At2S3 expression is abolished in lec2 fus3 double mutants
The variable and sometimes mild alterations of At2S3 expression in fus3 and lec2 mutants, together with the similar activity of the FUS3 and LEC2 proteins in yeast, suggested that both factors might act in a redundant manner in plants. We tested this hypothesis by generating a lec2 fus3 double mutant in the At2S3::GFP background. lec2 fus3 At2S3::GFP embryos were small, not folded and never showed any At2S3::GFP fluorescence (Fig. 4A-E).
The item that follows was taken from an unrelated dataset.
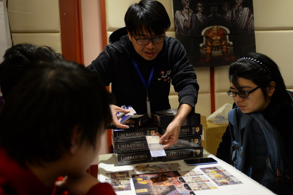 “世路寒”告诉记者,他们也是参考了这种形式以后,组建了Shadow桌游联盟,把大陆的设计师组织在一起,然后共同走出去参展,共同讨论测试。Shadow成立至今已经历了一年半的时间。2016年,“世路寒”带着Shadow设计师去参加了在东京举办的“Game Market”桌游展,这次的“Shadow Market”桌游展也是参考了 “Game Market”的模式。“大家平常的时候都是个人,自己做一些个人的作品。在这段时间,我们发觉把力量集结和在拧成一起的确是有行之有效的。”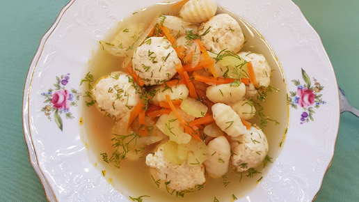 Добрый день, дорогие друзья! Сегодня я представляю вашему вниманию лёгкий суп с насыщенным вкусом, состоящим из небольшого количества ингредиентов, который оценят ваши родные и близкие, особенно дети. Для приготовления 12 порций нам понадобятся: 1 килограмм филе куриной грудки, 500 грамм готовых картофельных клёцок ньокки, 20 грамм сухариков из белого хлеба, 60 грамм молока, 200 грамм моркови, 300 грамм репчатого лука, 150 грамм стебля сельдерея, 2 чайные ложки соли, 2 чайные ложки приправы для курицы, 2 столовые ложки подсолнечного масла, 10 грамм зелени укропа...

Among F2 seeds from the lec2 × fus3 cross, we also observed some small seeds with a very low, but detectable level of At2S3::GFP fluorescence. Seedlings derived from these seeds were genotyped as fus3/fus3 lec2/LEC2 or fus3/FUS3 lec2/lec2 showing a gene dosage effect in fus3 or lec2mutant background. Northern blot analysis performed on lec2 fus3siliques confirmed that At2S3 mRNA was drastically reduced in this double mutant (data not shown and Fig. 4). The complete absence of At2S3::GFP fluorescence in lec2 fus3 seeds suggested that ABI3 was not sufficient to induce At2S3. To test whether ABI3 was still expressed in this double mutant, we performed western blot analysis with antibodies directed against ABI3 (Fig. 4G). Because lec2 fus3 embryos are smaller and contain reduced level of protein compared to wild-type embryos, we normalised the loading with respect to seed number and not to protein content. We found a detectable, albeit reduced, ABI3 level in lec2 fus3 indicating that ABI3 protein is present but unable to induce At2S3 expression in the absence of functional FUS3 and LEC2 proteins. We wondered whether other SSP genes are regulated in the same way as At2S3. In order to test this, we designed specific probes for four At2S genes and three cruciferin genes(Guerche et al., 1990; Pang et al., 1988) and analysed SSP gene expression in abi3, fus3, lec2 and lec2 fus3 mutants. We found that the expression of all genes was reduced to a variable extend in fus3 and lec2 single mutants but drastically reduced in lec2 fus3(Fig. 4F).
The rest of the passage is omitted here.